A function that needs cleanup on the error path before propagating will *skip* the cleanup whenever `?` short-circuits:

```rust
fn do_the_thing() -> Result<(), Error> {
    let thing = Thing::setup()?;
    step_one(&thing)?;          // if this errors, cleanup is skipped
    step_two(&thing)?;
    thing.cleanup();            // only runs on the success path
    Ok(())
}
```

Three fixes, in order of preference:

- **RAII guard (stable, idiomatic).** Move cleanup into `Drop`. The compiler runs destructors on every exit path, including `?` early returns.
- **`try` blocks** (still unstable behind `#![feature(try_blocks)]`). Scope `?` to a block; cleanup runs after.
- **Explicit `match`.** Verbose but stable: bind the intermediate `Result`, run cleanup, then propagate.

```rust
struct Thing;
impl Drop for Thing { fn drop(&mut self) { /* cleanup */ } }
// Now `?` cannot skip cleanup — Drop fires on every exit.
```

**Flag**:

- [FILE:LINE] CLEANUP_SKIPPED_BY_QMARK — resource setup followed by `?` calls and a manual `cleanup()` / `close()` / `release()` after — the `?` early-return skips cleanup. Use `Drop` (RAII) or scope cleanup in a `try` block.
- [FILE:LINE] MANUAL_DROP_GUARD_LEAK — explicit `mem::forget` or `ManuallyDrop` on a guard followed by `?` — leaks the resource on error. Restructure so the guard owns the cleanup.

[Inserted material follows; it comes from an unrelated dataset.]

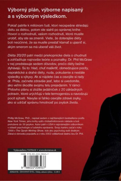 Diéta 20/20 patrí medzi priekopnícke diela o chudnutí a zohľadňuje najnovšie teórie a poznatky. Dr. Phil McGraw v nej predstavuje sedem dôvodov, prečo diéty bežne zlyhávajú. Sú to: hlad, chuť maškrtiť, obmedzujúce pocity, nepraktické a drahé diéty, nuda, pokušenie a nestále výsledky a výkyvy. Ak si nájdete čas a osvojíte si rady Dr. Phila, začnete zdravšie jesť, lebo si uvedomíte, ako veľmi škodíte svojmu telu prejedaním. V rámci Philovho plánu si zložíte jedálniček z 20 základných potravín, ktoré urýchľujú v tele termogenézu a navodzujú pocit sýtosti. Navyše si ľahko osvojíte zdravé zvyky, ako si udržať správnu hmotnosť po zvyšok života.

## `#[error(transparent)]` (thiserror)

`#[error(transparent)]` marks a variant that is a thin wrapper around an inner error type. `Display` and `source()` delegate to the inner error unchanged — the wrapper is invisible to logs and chain traversal.

```rust
#[derive(Debug, thiserror::Error)]
pub enum AppError {
    #[error(transparent)]
    Io(#[from] std::io::Error),     // displays exactly like the io::Error
    #[error("config invalid at {path}")]
    Config { path: PathBuf, #[source] source: toml::de::Error },
}
```

Use it when the variant adds no semantic information — the inner type is already the "real" error. Do *not* use it when you have context to add (a path, a request ID); use `#[error("...")]` with a `#[source]` field instead so the wrapping shows up in logs.

**Flag**:

- [FILE:LINE] TRANSPARENT_HIDES_CONTEXT — `#[error(transparent)]` on a variant that *should* be carrying context (path, ID) — the inner error's message alone won't tell users what was being attempted. Switch to `#[error("...")]` + `#[source]`.
- [FILE:LINE] TRANSPARENT_DUPLICATE_DISPLAY — `#[error(transparent)]` paired with a manual `Display` impl that also prints the inner error — double-prints in error chains. Drop one.

## Review Questions

1. Are all `unwrap()` / `expect()` calls in production code justified?
2. Do errors carry context about what operation failed?
3. Are error types structured (enums/structs) rather than stringly-typed?
4. Is `panic!` reserved for unrecoverable invariant violations?
5. Are errors propagated or logged, not silently swallowed?
6. Is `thiserror` used for library errors, `anyhow` for application errors?
7. Are `_else` variants used when fallbacks involve allocation?
8. Do async error types satisfy `Send + Sync + 'static` bounds?
9. Is `inspect_err` used for error logging instead of match arms?
10. Do custom error types implement the full contract (`Error`, `Display`, `Debug`, `Send + Sync + 'static`)?
11. Is `Error::source()` implemented for wrapped errors to enable chain traversal?
12. Are `From` implementations provided for `?` ergonomics instead of verbose `.map_err()` chains?
13. Is the error strategy (enumerated vs opaque) appropriate for how callers interact with errors?